[[ DATA TO PROCESS open ]]
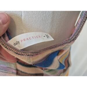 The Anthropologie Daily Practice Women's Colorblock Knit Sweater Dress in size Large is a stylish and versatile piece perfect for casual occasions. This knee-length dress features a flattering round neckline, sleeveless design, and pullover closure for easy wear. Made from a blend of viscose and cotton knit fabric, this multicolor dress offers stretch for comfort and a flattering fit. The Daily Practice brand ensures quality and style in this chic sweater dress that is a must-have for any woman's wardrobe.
[[ DATA TO PROCESS closed ]]
[[ DATA TO PROCESS open ]]
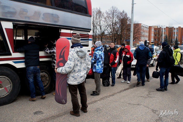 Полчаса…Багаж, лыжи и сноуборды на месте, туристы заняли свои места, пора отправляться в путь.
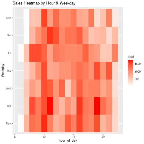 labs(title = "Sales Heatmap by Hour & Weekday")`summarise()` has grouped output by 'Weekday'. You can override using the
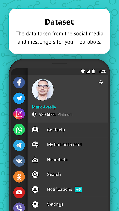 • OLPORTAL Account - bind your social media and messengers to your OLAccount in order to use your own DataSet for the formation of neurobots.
[[ DATA TO PROCESS closed ]]
EXERCISE GOAL:
Take only the lines above from the one that has "override using the" through the one that has "formation of neurobots." and reproduce them exactly, omitting any pictures.

SOLUTION:
 labs(title = "Sales Heatmap by Hour & Weekday")`summarise()` has grouped output by 'Weekday'. You can override using the
 • OLPORTAL Account - bind your social media and messengers to your OLAccount in order to use your own DataSet for the formation of neurobots.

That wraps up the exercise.